He thought about everything Wilmina had told him, parents she would not speak of yet claimed to know well enough to adopt their son, how a single beating had erased years from his memory. One by one, every small uncertainty was rising up. He felt the five scars on his scalp again, tracing them round in a circle, a jagged wine bottle he had always thought, or as if somebody had grasped him there and dug their –
For what felt like the hundredth time, he shook his head.

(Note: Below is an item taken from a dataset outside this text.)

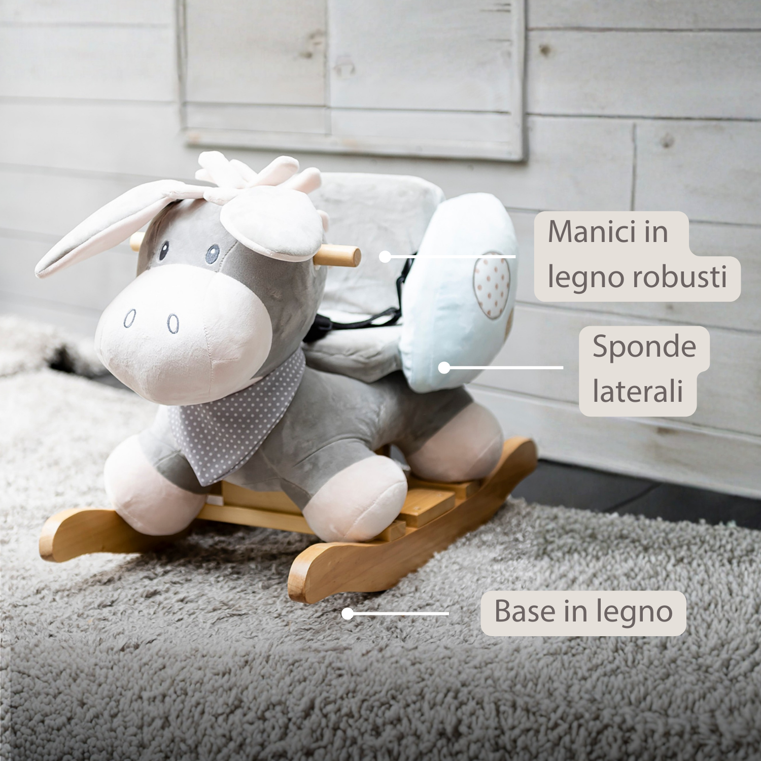 - Materiale: legno + peluche (poliestere)
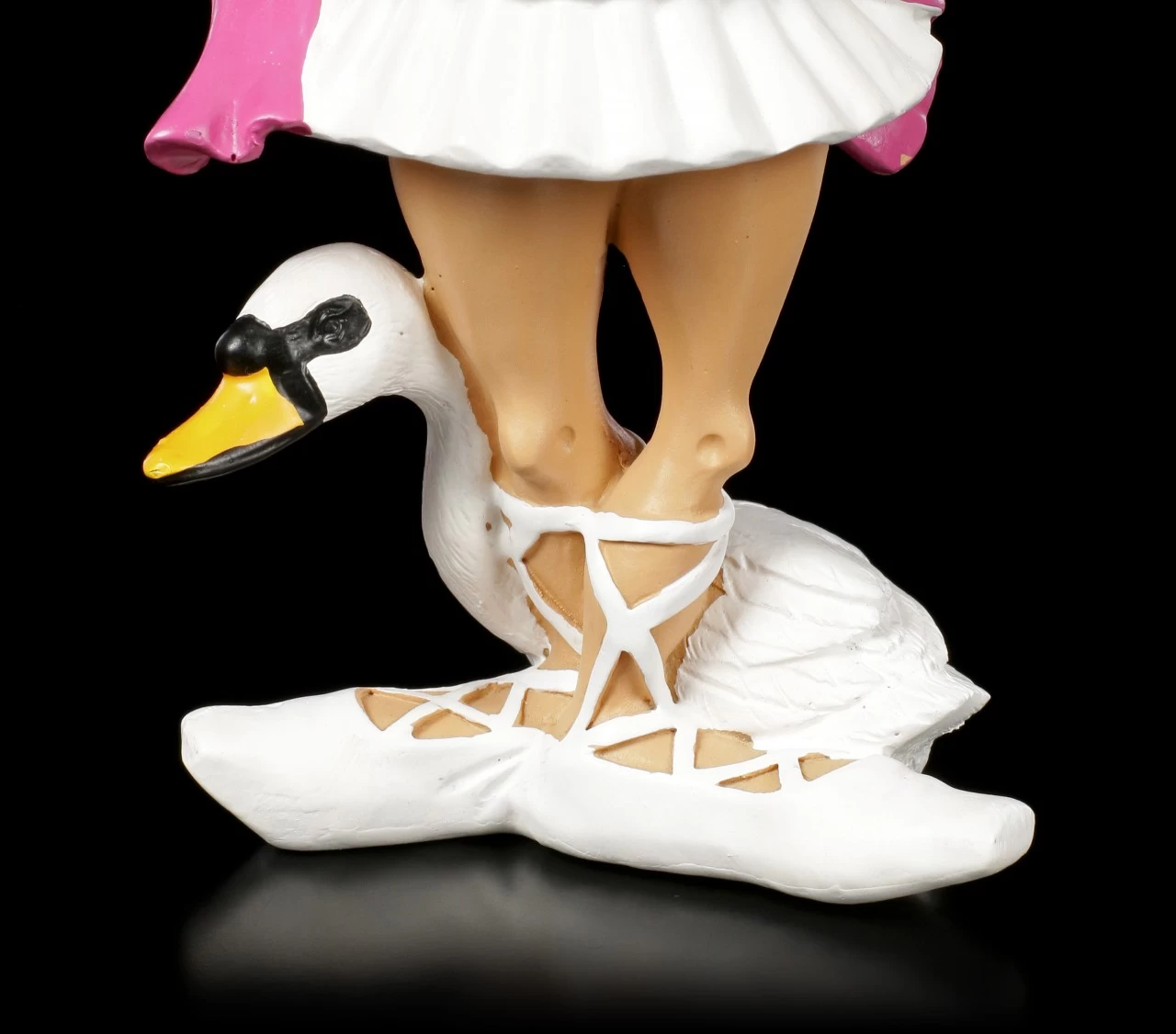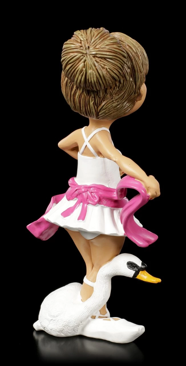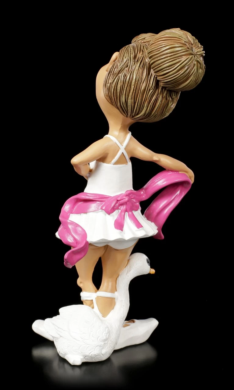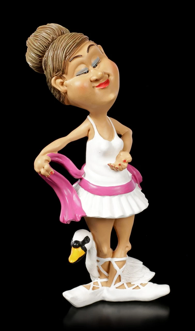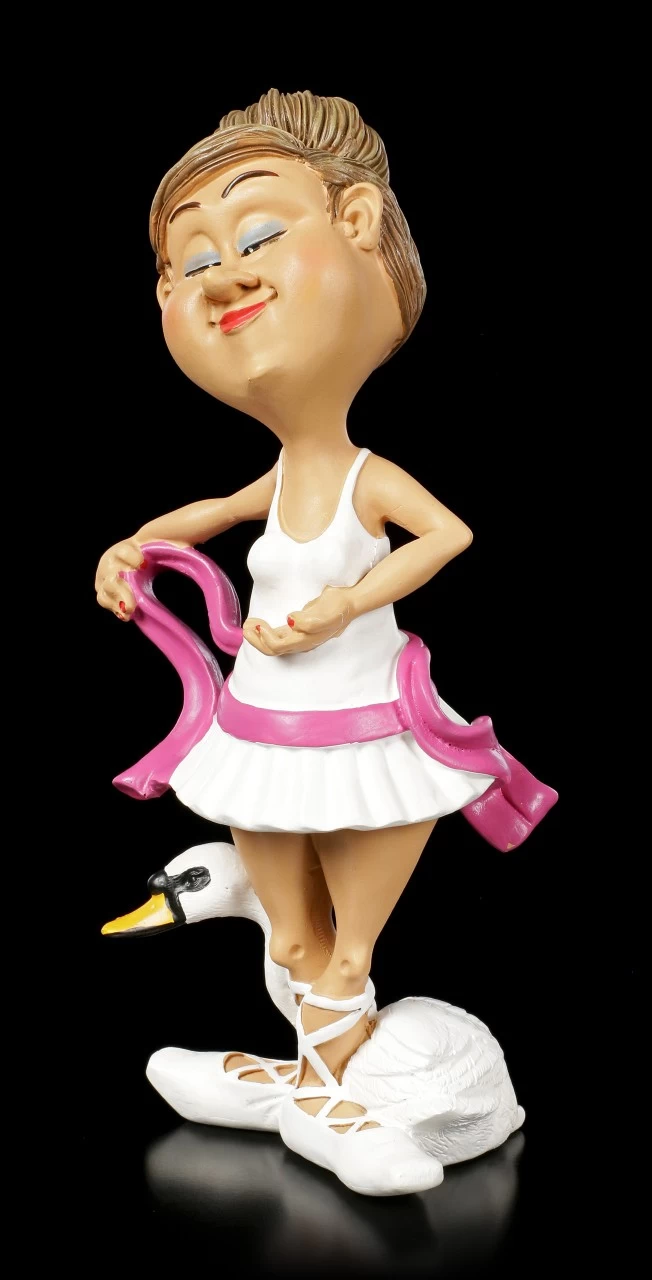 Die Ballett Tänzenerin übt mit sicheren und anmutigen Bewegungen immr wieder Ballettschritte aus Schwanensee. Als Maskottchen hat sie daher stets ihren weißen Schwan dabei. Das weiße Ballettkostüm erinnert selbst an einen eleganten Schwan. Die lustige Funny Job Figur aus Kunststein (Polyresin) ist im berühmten Karikatur Stil gehalten und liebevoll handbemalt.

“No, no – it can’t be possible,”
“If you run off again –,” Anala began, her voice at first threatening, then fading out soft. She clicked her ankles resignedly. “Uncle won’t come after you. Neither will I – it’s not like I could catch you in three-inch heels anyway.” She stepped closer to him, enough so that he noticed every breath pressing her chest against her bodice, a reluctantly-shown look of weakness in her eyes. “But I implore you to think about this. If you go back to that troll, she’ll tell you lies again, and you’ll probably convince yourself for a little bit that they’re true. But you’ll realise when it’s too late that you don’t belong here, that you never have. There’s so much you don’t remember, and so little anybody will tell you. You’re not a criminal, Will. You don’t look it and you don’t act like you want to be. Do you really want to turn away from all the answers we’re offering you?”
The pain in his body increased, and Will realised it was part of himself crying out in desperation. He had admired magi, against all that had been said of them by Courtiers – their wicked powers, their motives only troublesome, he had wanted to be one of them. He wanted to believe her; but it was not so easy.